### Exercise brief
Output the data verbatim, minus the images.

### Dataset content

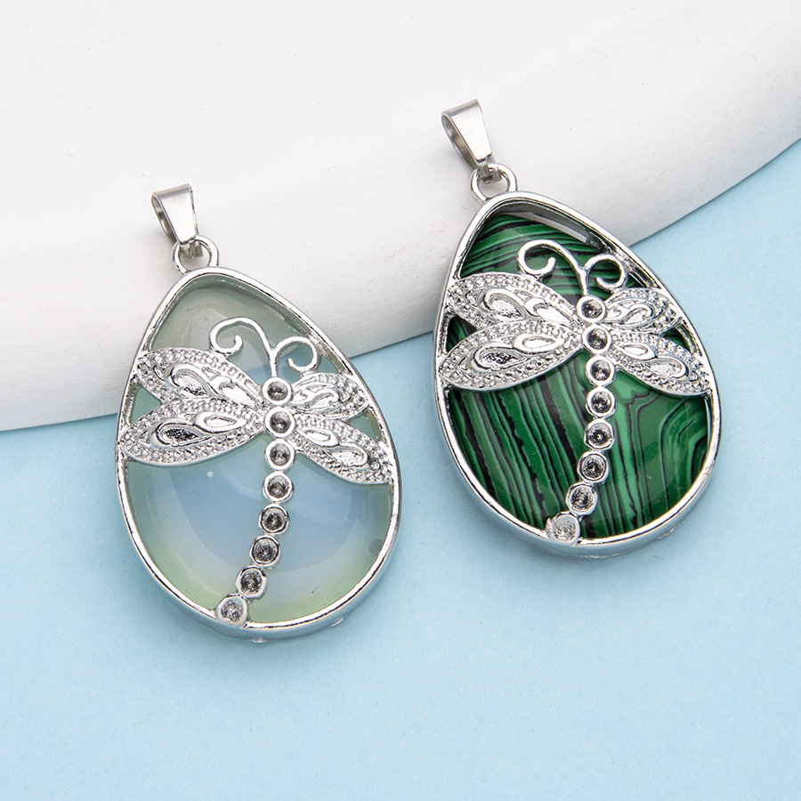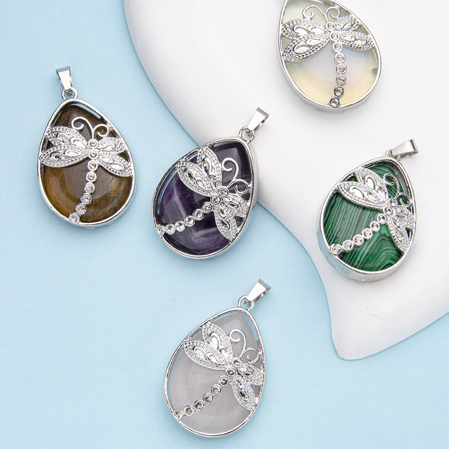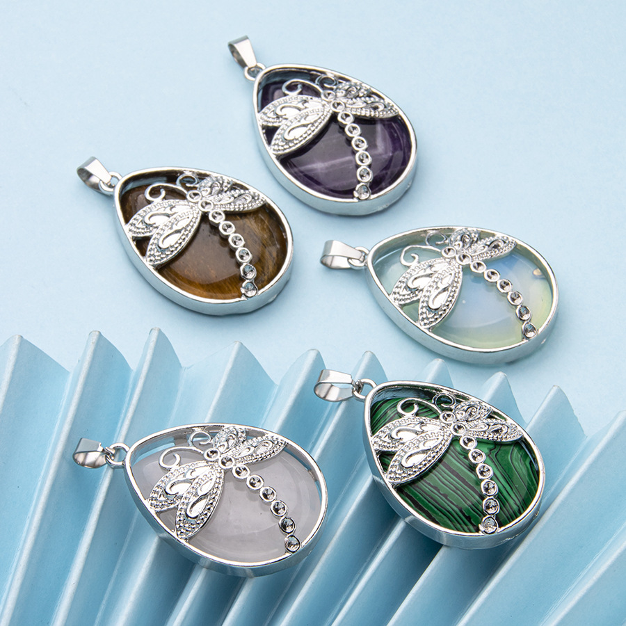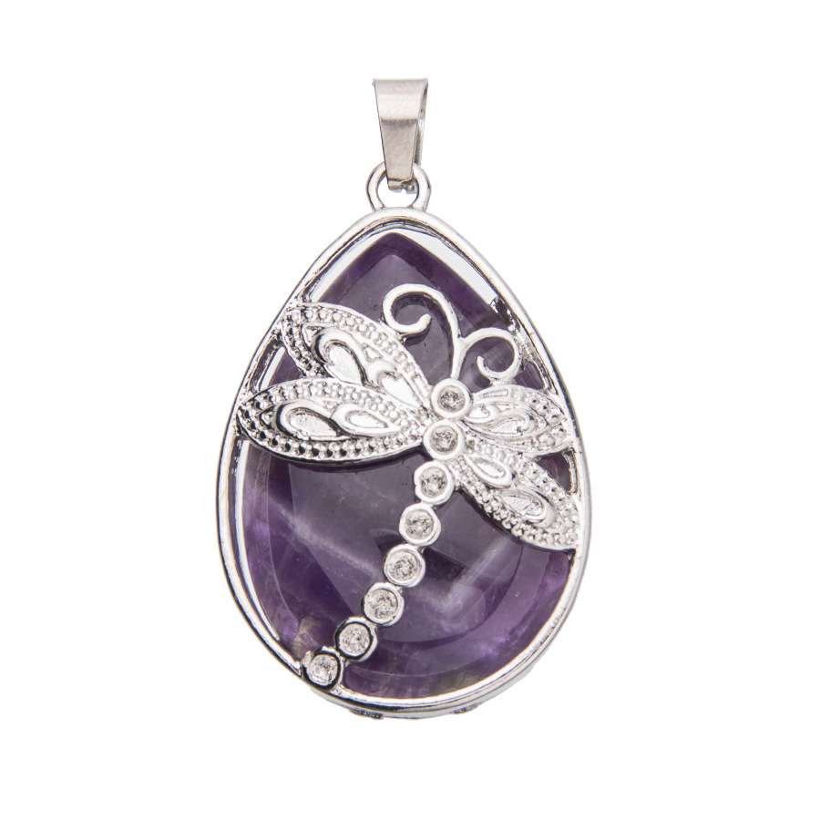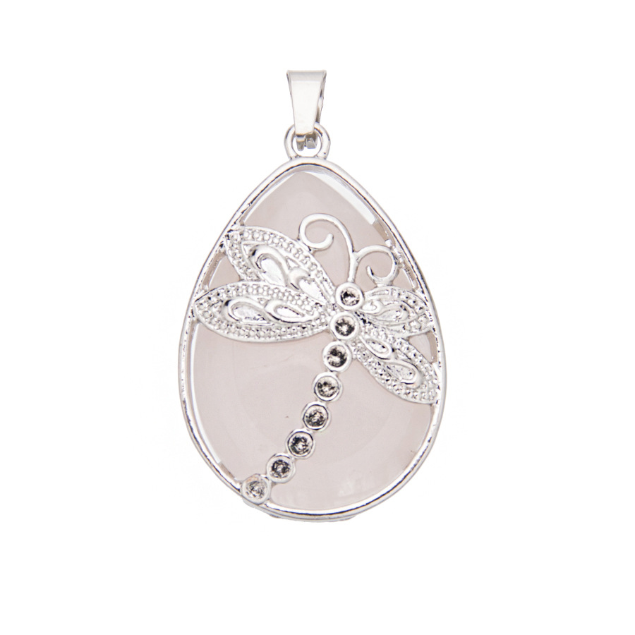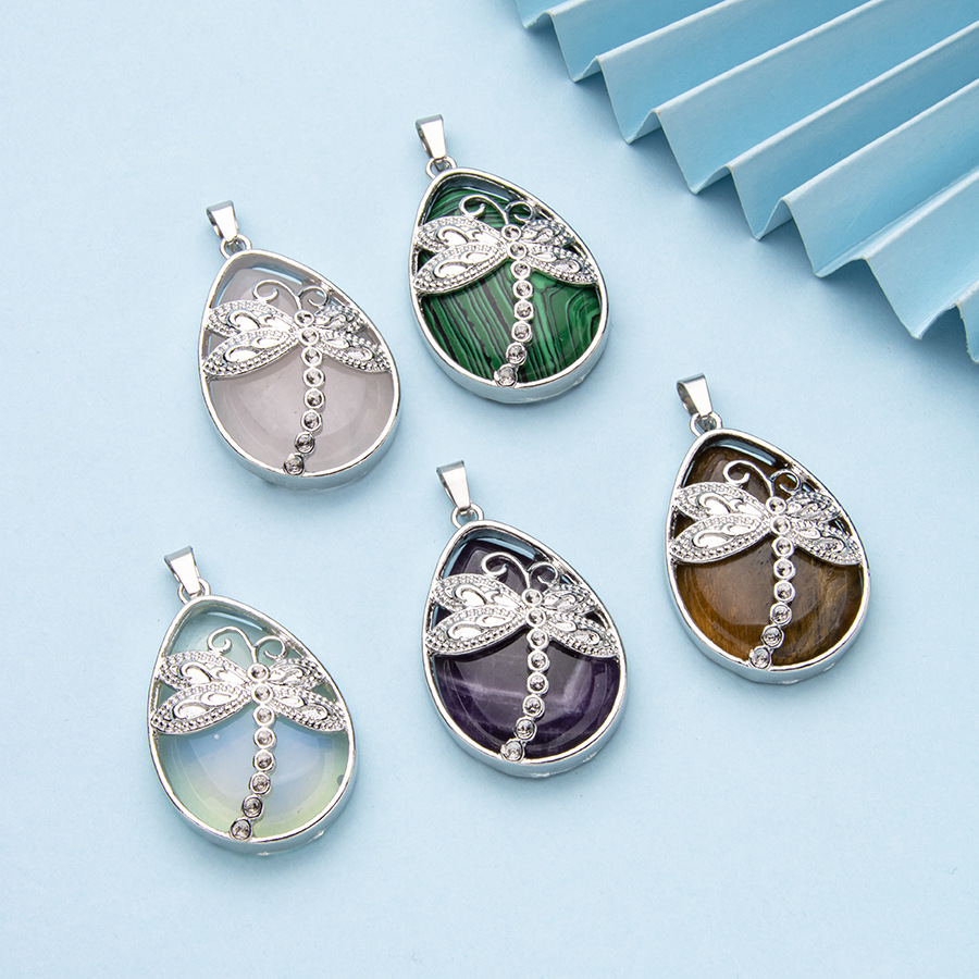 Drop-Shaped Crystal-Trimmed Dragonfly Pendant
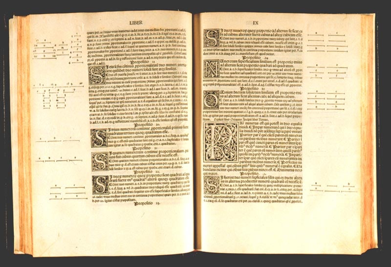 Preclarissimus liber elementorum Euclidis perspicacissimi: in artem Geometrie incipit quã foelicissime. First edition of Euclid's Elements, not published in the original Greek until 1533. With ownership inscriptions of Philippus Romualdus Bissonius, 1742. Rebound in recent full calf. Acquired from an undetermined source prior to 1868.
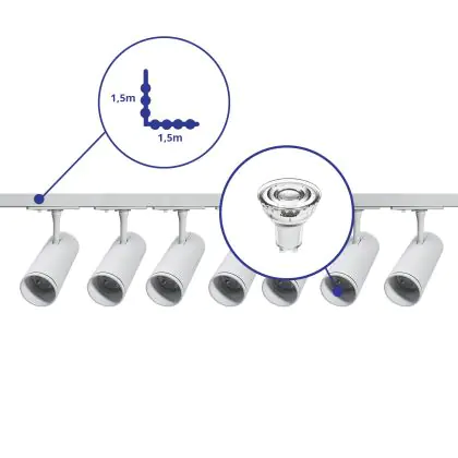 Complete Set 1-Phase Rail L 1,5 x 1,5 Meter White | incl. 7x Spot + GU10 2700K 3W Dimmable + End Cap, Power Connector and L -Connector
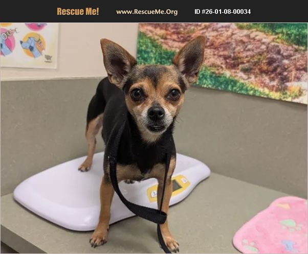 ID#A548324 I am described as a female, black and brown Chihuahua - Smooth Coated mix. The shelter thinks I am about 6 years old. I weigh approximately 6.80 lbs. I have been at the shelter since Jan 07, 2026 and I may be available for adoption on Jan 15, 2026 at 10:00AM.

### Answer
 Drop-Shaped Crystal-Trimmed Dragonfly Pendant
 Preclarissimus liber elementorum Euclidis perspicacissimi: in artem Geometrie incipit quã foelicissime. First edition of Euclid's Elements, not published in the original Greek until 1533. With ownership inscriptions of Philippus Romualdus Bissonius, 1742. Rebound in recent full calf. Acquired from an undetermined source prior to 1868.
 Complete Set 1-Phase Rail L 1,5 x 1,5 Meter White | incl. 7x Spot + GU10 2700K 3W Dimmable + End Cap, Power Connector and L -Connector
 ID#A548324 I am described as a female, black and brown Chihuahua - Smooth Coated mix. The shelter thinks I am about 6 years old. I weigh approximately 6.80 lbs. I have been at the shelter since Jan 07, 2026 and I may be available for adoption on Jan 15, 2026 at 10:00AM.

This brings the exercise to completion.